• TASK STATEMENT:
Write out exactly the lines below starting at the one containing "Regular Air Pressure" and ending at the one containing "Рядом с домом". Omit every picture.

• SOURCE DATA:

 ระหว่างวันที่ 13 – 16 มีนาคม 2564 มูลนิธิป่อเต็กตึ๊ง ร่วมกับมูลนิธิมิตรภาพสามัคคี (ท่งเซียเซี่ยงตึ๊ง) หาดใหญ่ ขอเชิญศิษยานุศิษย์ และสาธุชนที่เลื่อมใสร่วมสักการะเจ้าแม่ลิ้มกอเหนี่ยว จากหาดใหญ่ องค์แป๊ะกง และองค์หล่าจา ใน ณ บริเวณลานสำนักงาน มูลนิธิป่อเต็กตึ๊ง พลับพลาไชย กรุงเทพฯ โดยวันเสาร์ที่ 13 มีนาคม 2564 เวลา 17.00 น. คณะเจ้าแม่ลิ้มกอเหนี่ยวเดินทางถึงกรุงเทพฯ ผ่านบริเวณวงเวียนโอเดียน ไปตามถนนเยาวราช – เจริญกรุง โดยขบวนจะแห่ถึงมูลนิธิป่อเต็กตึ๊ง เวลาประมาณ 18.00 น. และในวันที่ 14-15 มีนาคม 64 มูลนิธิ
* * *
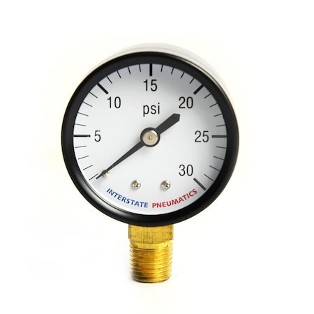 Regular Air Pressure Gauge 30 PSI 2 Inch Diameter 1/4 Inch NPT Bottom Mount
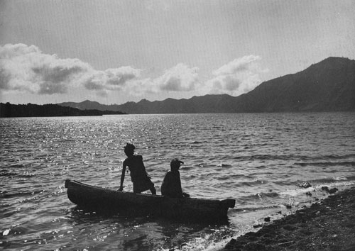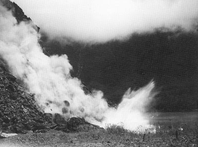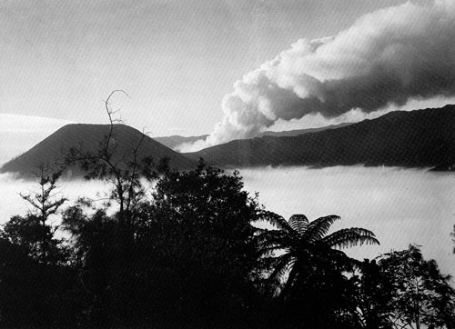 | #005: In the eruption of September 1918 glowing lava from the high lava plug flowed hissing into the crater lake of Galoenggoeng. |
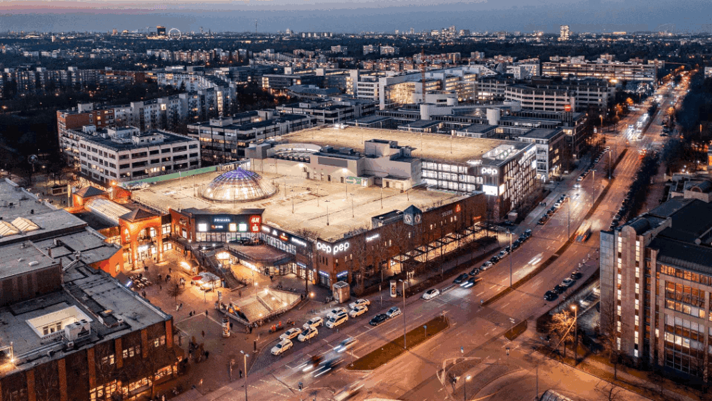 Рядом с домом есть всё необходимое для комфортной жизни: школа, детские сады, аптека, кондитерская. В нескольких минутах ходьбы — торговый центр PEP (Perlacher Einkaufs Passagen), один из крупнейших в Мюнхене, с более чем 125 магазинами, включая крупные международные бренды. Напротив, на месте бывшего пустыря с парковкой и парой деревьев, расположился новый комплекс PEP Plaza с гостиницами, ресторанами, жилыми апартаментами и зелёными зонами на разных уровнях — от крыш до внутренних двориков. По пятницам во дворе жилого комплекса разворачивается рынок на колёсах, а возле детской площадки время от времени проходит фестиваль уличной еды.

• SOLUTION TO THE PROBLEM:
 Regular Air Pressure Gauge 30 PSI 2 Inch Diameter 1/4 Inch NPT Bottom Mount
 | #005: In the eruption of September 1918 glowing lava from the high lava plug flowed hissing into the crater lake of Galoenggoeng. |
 Рядом с домом есть всё необходимое для комфортной жизни: школа, детские сады, аптека, кондитерская. В нескольких минутах ходьбы — торговый центр PEP (Perlacher Einkaufs Passagen), один из крупнейших в Мюнхене, с более чем 125 магазинами, включая крупные международные бренды. Напротив, на месте бывшего пустыря с парковкой и парой деревьев, расположился новый комплекс PEP Plaza с гостиницами, ресторанами, жилыми апартаментами и зелёными зонами на разных уровнях — от крыш до внутренних двориков. По пятницам во дворе жилого комплекса разворачивается рынок на колёсах, а возле детской площадки время от времени проходит фестиваль уличной еды.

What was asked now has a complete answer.